Al menos eso cuenta Germán Riesco en el libro sobre la presidencia de su padre. Una ciudad sin alcantarillas, pero con acequias que tenían como desagüe el río. El desecho huele, y lo que huele espanta. Es un efecto reflejo que la sabia naturaleza se encargó de distribuir con distintas funciones en el reino animal: el hedor será un arma para el chingue, una consecuencia para los ermitaños y una forma de vida para los usuarios del Metro de París. Para nuestro río ha sido una fatalidad impuesta por la ciudad. Una fatalidad que a las autoridades de la República les tomó 200 años decidirse a solucionar con una alcantarilla paralela. Es posible que antes la población no haya estado preparada para tal paso, para convivir con un río medianamente limpio. Mal que mal la gente puede llegar a ser rehén de sus malas costumbres. Tal vez fue eso lo que sucedió con el Mapocho. Su condición de oloroso vertedero nunca fue tomada en cuenta como una variable para que la ciudad terminara dándole la espalda y sólo se ocupara de él con el motivo de alguna crecida dramática o como una guía para construir una autopista.

Gran parte de las imágenes que la cultura popular ha preservado del Mapocho no hacen referencia a la belleza natural ni urbana, sino a la idea de despojos de todo tipo que el río arrastra. La era de la televisión en directo logró darle a una generación una metáfora espléndida del rol de vertedero orográfico cuando la crecida del año 82 socavó parte del lecho en donde existía una automotora y un Austin Mini blanco cayó al torrente. La televisión captó el momento y a los curiosos mirando. El río surgía como un personaje cobrando venganza en una secuencia que por fortuna no tenía víctimas.
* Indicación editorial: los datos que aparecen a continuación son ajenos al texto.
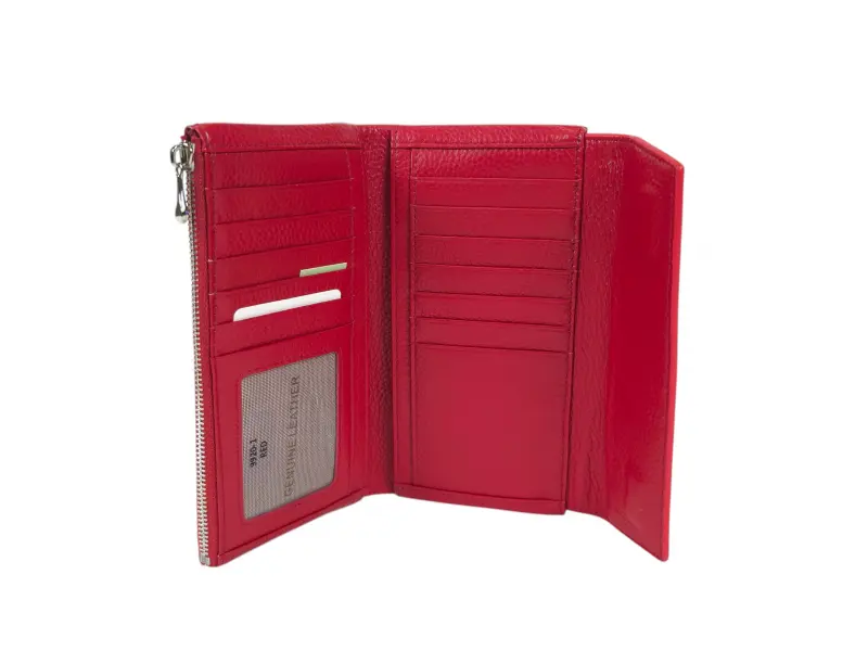 Poșetă colorată pentru femei - Poșetă de damă confecționată din piele naturală. - Închidere magnetică. - Compartimente pentru carduri. - Compartimente pentru bancnote. - Compartiment cu fermoar. - Buzunar exterior pentru monede cu fermoar.

El destino se encargaba de sumarle un relato más a un historial dominado por el murmullo provocado por los despojos arrojados.

Los restos del puente Cal y Canto -el intento más importante por darle dignidad al río-, los trozos mutilados de las víctimas del crimen de las cajitas de agua, los cuerpos arrojados de ejecutados políticos y los desechos de humanidad que describe Alfredo Gómez Morel en la novela autobiográfica El río -ambientada en el lecho del Mapocho- son ejemplos. Todas esas imágenes dicen más de miseria y horror que de cualquier otra cosa. Como si la ciudad no quisiera darle otro destino.